次に、厚さ80μmのポリビニルアルコールフィルムを基材シートとした。
【0049】
先に得られた化粧された表面シートのプライマー面が前記の基材シート側となる様にして、両シートを重ねて、輪転式の熱プレスエンボス機を用い、両シートを積層接着した。その際ラミネート(ニップ)ロールのうち、表面シート側に来るロールを金属ロールとし、表面に欅木目導管溝の凹凸を形成してなるエンボスロールとして、両シートを積層、接着すると同時に表面シートの表面に凹凸模様をエンボス加工して、本発明の化粧シートを製造した。
エンボス条件は、エンボス時シート加熱温度・・・165°C
シート送り速度・・・15m/分
エンボス版面温度・・・40°C
であった。
この化粧シートを土の中へ廃棄したところ、3か月後には、ほぼ分解していた。
【0050】
実施例3
顔料として弁柄、チタン白、黄鉛を添加して黄褐色に着色してなるプルランのシート(曲げ弾性率が3000kg/cm2 )を基材シートとする。この基材シートの表面に、コロナ放電処理を施した上に、プルランをバインダーとしこれに顔料を添加した着色インキを用いて、全面ベタ印刷及び杉柾目模様をグラビア印刷した。その上に、ヘキサメチレンジイソシアネートを硬化剤とし、アクリルポリオールを主剤とする2液硬化型ポリウレタン接着剤を10g/m2 (乾燥時)塗布して希釈溶剤を乾燥させ、その上に表面シートとしてベンゾトリアゾール系の紫外線吸収剤を2重量%添加した、厚さ50μmのプルランからなる透明シートを積層、加圧し、40°C雰囲気中で4日間養生して該印刷インキ及び接着剤を架橋硬化させて、化粧シートを得た。
この化粧シートを土の中へ廃棄したところ、3か月後には、ほぼ分解していた。
【0051】
実施例4
セルロースアセテート100重量部をベースにベンゾトリアゾール系紫外線吸収剤を2重量部添加した厚さ80μmの未延伸シート(曲げ弾性率が3000kg/cm2 )を基材シートとした。この基材シートの片面に、コロナ処理を施し、セルロースアセテートをバインダーとし、これに顔料を添加したインキで欅板目柄をグラビア印刷を施して、本発明の化粧シートを製造した。

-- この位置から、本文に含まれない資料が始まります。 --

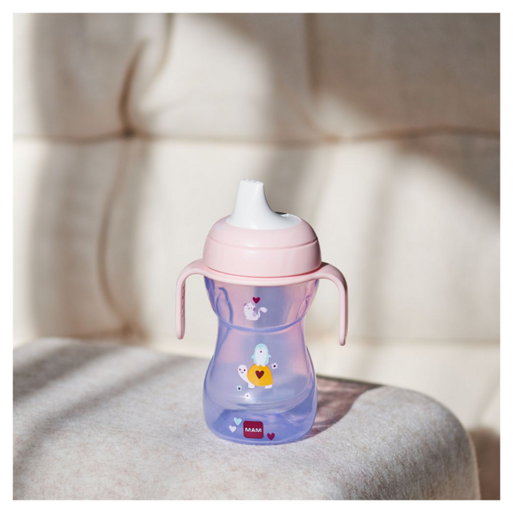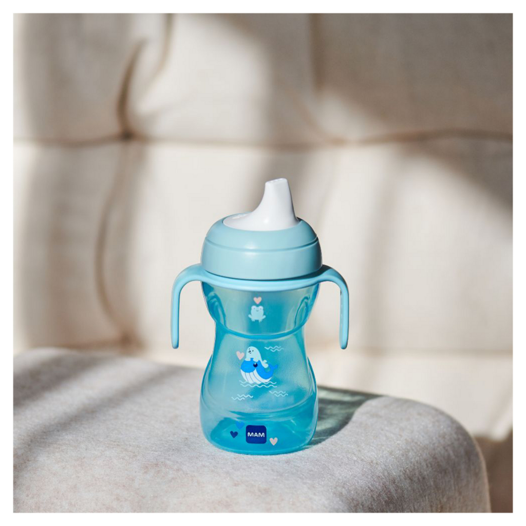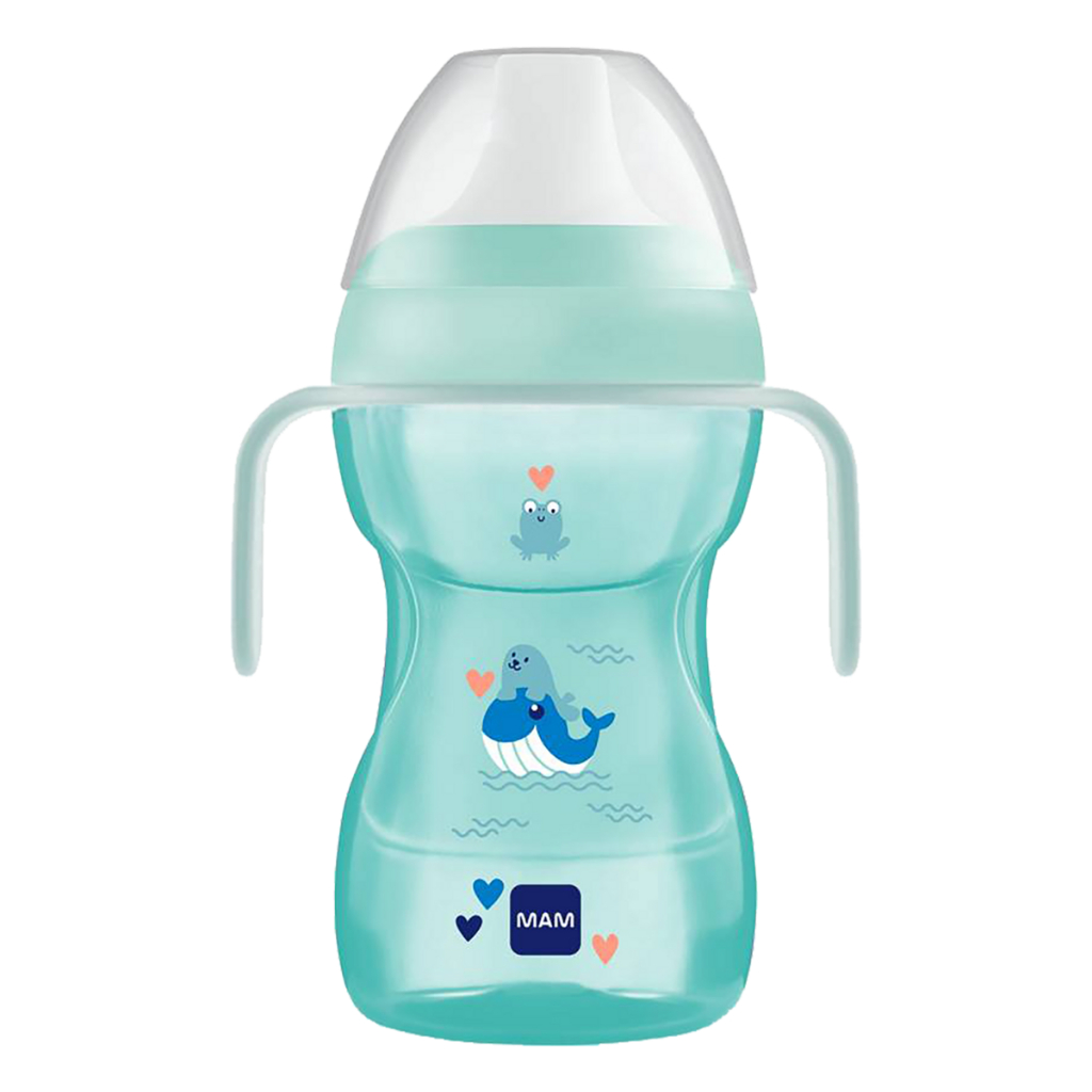 Copo de Transição MAM 270 ml Fun To Drink Original Antivazamento Tampa Alça Removível
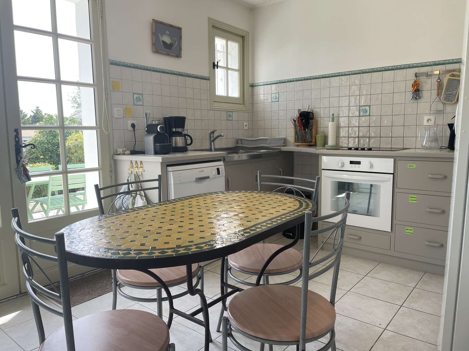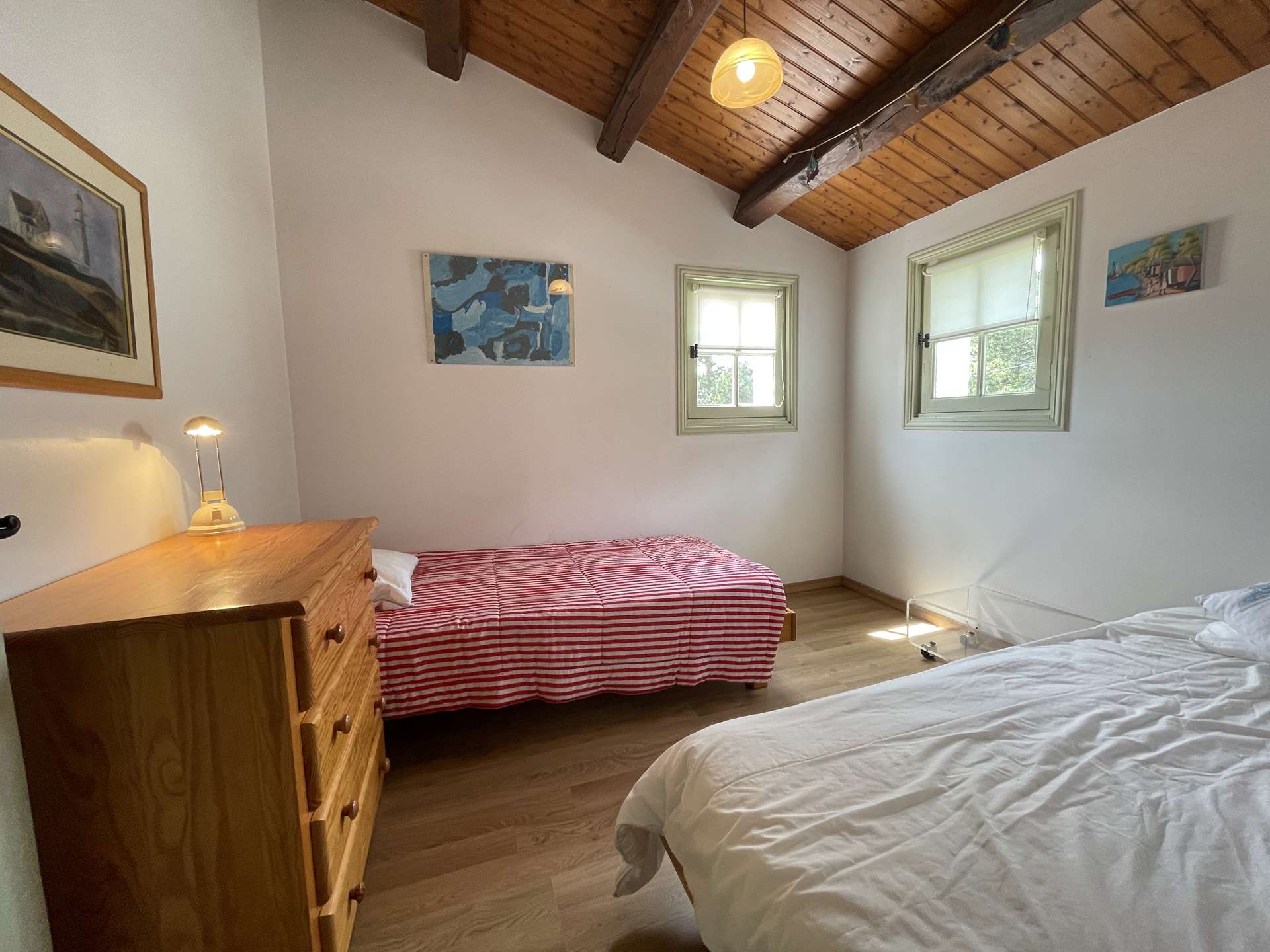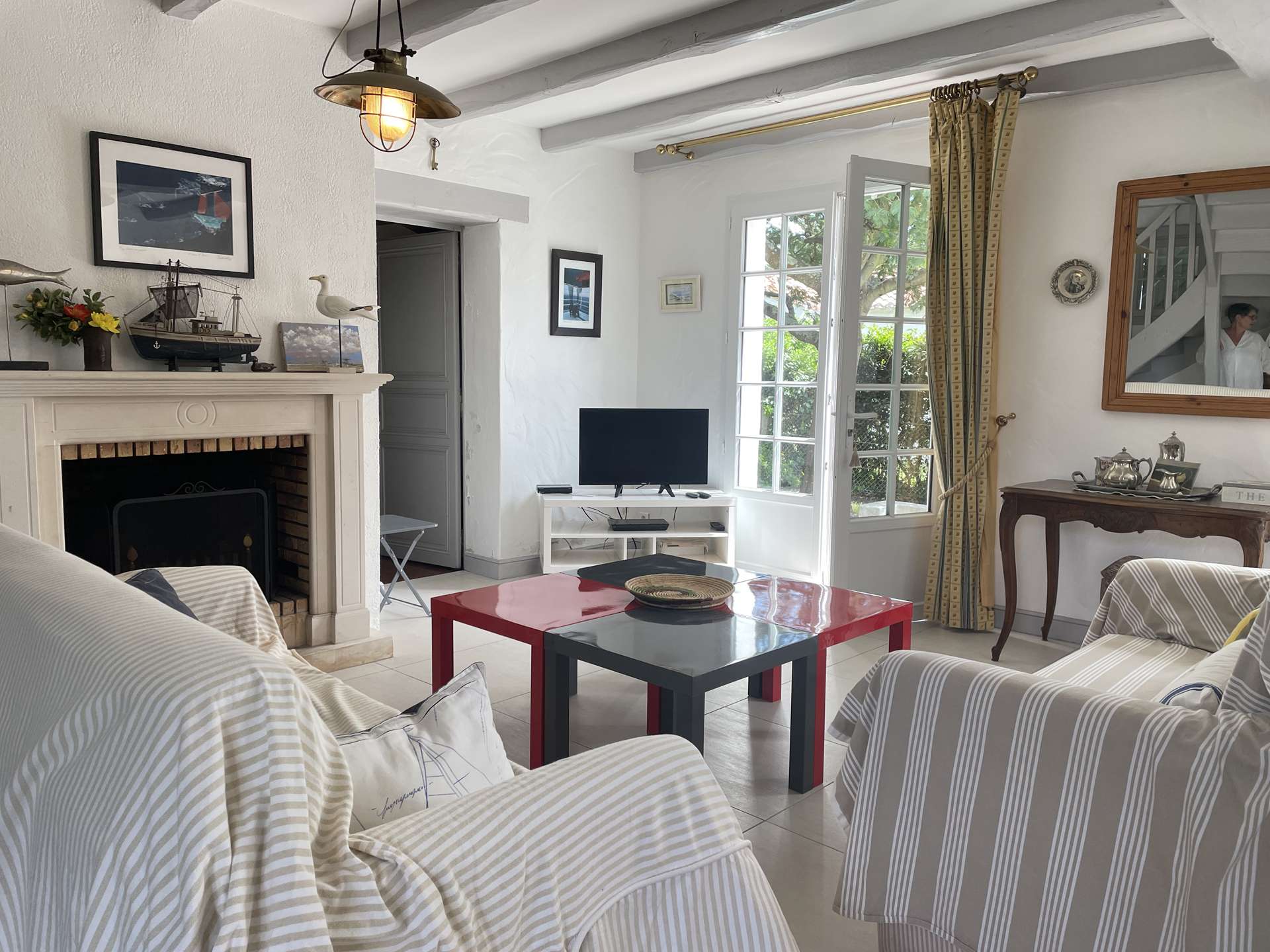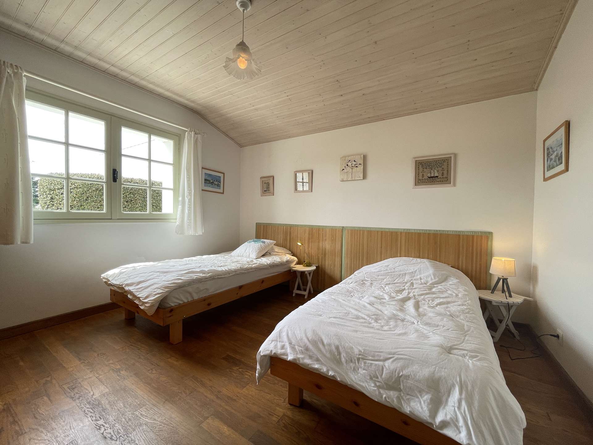 Noirmoutier en l'Ile (85) - Bois de la Chaise district 5-room house of approximately 140 m² - up to 8 people Located 950 m from Saint Pierre beach and 1,500 m from the shops, this comfortable house consists on the ground floor of an entrance, a beautiful living room opening onto the terrace and with television and WIFI, a kitchen offering the necessary comfort, two bedrooms totaling a double bed and two single beds, a shower room, a toilet, a storeroom. Upstairs two bedrooms totaling a double bed and two single beds, a bathroom with wc. Parking is on the property. The advantages of this rental by the sea: In a beautiful environment, you will enjoy the beautiful garden, the terrace with awning and equipped with garden furniture and barbecue. The neighborhood is quiet and pleasant. Cleaning with disinfection included.

この化粧シートを土の中へ廃棄したところ、3か月後には、ほぼ分解していた。
【0052】
比較例1
実施例1の基材シート、表面シートとして、厚さ80μm、延伸倍率3倍の2軸延伸ポリプロピレンシート(曲げ弾性率が9000kg/cm2 )を用いた。その他は実施例1と同じとした。
この化粧シートを土の中へ廃棄したところ、3か月以上経過しても分解する様子はなかった。
【0053】
比較例2
実施例2の基材シート、表面シートとして、厚さ80μm、延伸倍率3倍の2軸延伸ポリプロピレンシート(曲げ弾性率が9000kg/cm2 )を用いた。その他は実施例2と同じとした。
この化粧シートを土の中へ廃棄したところ、3か月以上経過しても分解する様子はなかった。
【0054】
比較例3
実施例3の基材シート、表面シートとして、厚さ80μm、延伸倍率3倍の2軸延伸ポリプロピレンシート(曲げ弾性率が9000kg/cm2 )を用いた。その他は実施例3と同じとした。
この化粧シートを土の中へ廃棄したところ、3か月以上経過しても分解する様子はなかった。
【0055】
比較例4
実施例4の基材シートとして、厚さ80μm、延伸倍率3倍の2軸延伸ポリプロピレンシート(曲げ弾性率が9000kg/cm2 )を用いた。その他は実施例4と同じとした。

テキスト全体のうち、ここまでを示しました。